Characteristics Associated with LVH
The median (interquartile range) LVMI was 33 g/m2.7 (28 to 39) and relative wall thickness (RWT) was 0.33 cm (0.30 to 0.37). The majority (74%) of patients had normal LV geometry, 17% (61) had LVH (11% eccentric and 6% concentric), and 9% (33) had concentric LV remodeling. There was no significant difference in LVMI on the basis of iohexol GFR status (Figure 1).
Figure 1.
Distribution of LVMI by iohexol GFR (n = 363) is shown. Overall P = 0.449.
No significant difference was found in any demographic or clinical characteristics between children with eccentric and concentric LVH; therefore, we performed further analysis of LVH by evaluating those with eccentric and concentric LVH combined. We compared children who had LVH with those who did not have LVH (Table 3). There were more black, female, and younger children with LVH. Those with LVH were shorter, had a shorter duration of CKD, had more nephrotic-range proteinuria and anemia, and were receiving ACEIs or ARBs significantly less often than children without LVH. No significant difference in the family history of hypertension, preterm birth, or low birth weight was seen between children with or without LVH. LVH was more frequent in children with systolic casual, wake, and sleep ambulatory hypertension than in children without systolic casual or ambulatory hypertension (Figure 2A). For DBP, no statistically significant difference in the frequency of LVH was seen in children with a diagnosis of casual hypertension versus those without casual hypertension (Figure 2B).
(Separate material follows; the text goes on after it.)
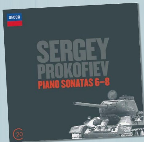
PROKOFJEV PIANO SONATAS 6-8 VLADIMIR ASHKENAY DECCA VKZ.NL/19 361 € 8,99
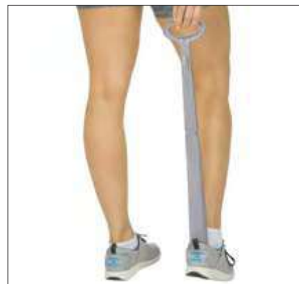
CALZADOR DE 23" CON QUITACALCETINES

In contrast to casual DBP, LVH was more frequent in children with wake diastolic hypertension versus those without diastolic hypertension.
Table 3.
Characteristics of study population by LVH status (n = 366)
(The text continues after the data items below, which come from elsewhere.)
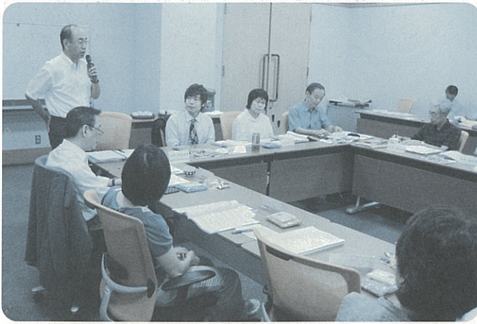
ごみ減量協議会の様子

本紙の見開きページに掲載されている「ごみ処理基本計画」を実現させるためには、一般家庭から排出されるごみ・資源物の減量を進めていかなくてはなりません。このため平成19年9月より市民・事業者・行政で、ごみ減量を具体化していくための協議会を発足しました。
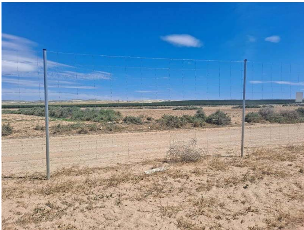
Figura 8.9. Único vano del vallado observado sin placa de visibilidad
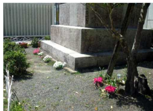
平和塔のまわり 3月に6年生と一緒に 石を磨きました (辻コーディネーター 指導のもと)
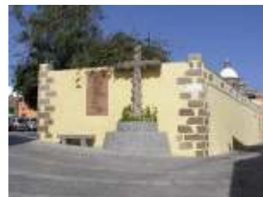
"Las Cuatro Esquinas" - Casco Histórico de Agüimes

Después la calle Taburiente, y ya enfilamos la pista de tierra con una señal indicadora de entrada a un espacio natural protegido.
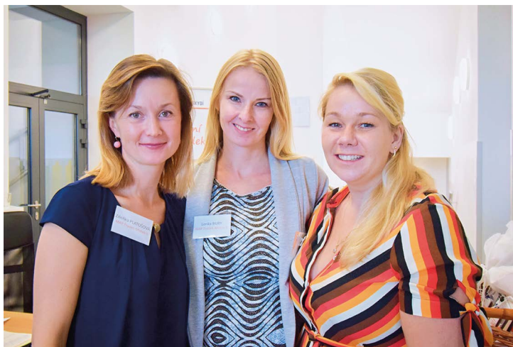
Obr. č. 3: Zaměstnanci MAP Frýdek-Místek II
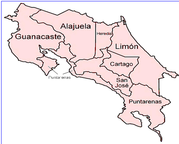
Harta Republicii Costa Rica

| Characteristic | No LVH (n = 305) | LVH (n = 61) | P |
|---|---|---|---|
| Black race (n [%]) | 44 (15) | 15 (25) | 0.051 |
| Female gender (n [%]) | 114 (37) | 32 (53) | 0.028 |
| Age (yr) | |||
| <6 (n [%]) | 38 (13) | 13 (21) | 0.068 |
| median (IQR) | 12 (9 to 16) | 11 (6 to 15) | 0.067 |
| Height (cm) | |||
| median (IQR) | 146 (126 to 162) | 135 (111 to 153) | 0.006 |
| percentile (median [IQR]) | 27.0 (10.0 to 51.0) | 7.7 (2.0 to 29.0) | <0.001 |
| Weight (kg) | |||
| median (IQR) | 41 (27 to 57) | 34 (20 to 53) | 0.066 |
| percentile (median [IQR]) | 43 (19 to 75) | 41 (12 to 65) | 0.261 |
| BMI percentile (median [IQR]) | 57 (32 to 84) | 69 (45 to 90) | 0.12 |
| Duration of CKD (yr; median [IQR]) | 8.1 (4.5 to 11.7) | 5.8 (3.0 to 9.4) | 0.002 |
| Glomerular CKD (n [%]) | 58 (19) | 14 (23) | 0.46 |
| Iohexol GFR (ml/min per 1.73 m2; median [IQR]) | 43 (32 to 55) | 41 (27 to 49) | 0.11 |
| Hypoalbuminemia <4 g/dl (n [%]) | 33 (11) | 12 (21) | 0.046 |
| Protein/creatinine ratio (median [IQR]) | 0.43 (0.17 to 1.11) | 0.64 (0.28 to 2.10) | 0.014 |
| Nephrotic proteinuria, >2 protein/creatinine ratio (n [%]) | 30 (10) | 14 (26) | 0.002 |
| Hemoglobin (g/dl; median [IQR]) | 13 (12 to 14) | 12 (11 to 13) | 0.003 |
| Anemia (n [%]) | 114 (39) | 32 (53) | 0.048 |
| wide range C-reactive protein (wrCRP) >0.3 mg/dl (n [%]) | 105 (43) | 21 (40) | 0.76 |
| Albumin-corrected calcium (mg/dl; median [IQR]) | 9.0 (8.8 to 9.2) | 9.0 (8.7 to 9.3) | 0.94 |
| Phosphate (mg/dl; median [IQR]) | 4.7 (4.2 to 5.2) | 4.7 (4.2 to 5.4) | 0.42 |
| Calcium × phosphate (mg2/dl2; median [IQR]) | 42 (37 to 47) | 43 (37 to 48) | 0.32 |
| ACEI/ARB use (n [%]) | 179 (59) | 24 (39) | 0.005 |
Figure 2.
(A and B) LVH by casual, wake, and sleep systolic (SBP; A) and diastolic BP (DBP; B) status is shown.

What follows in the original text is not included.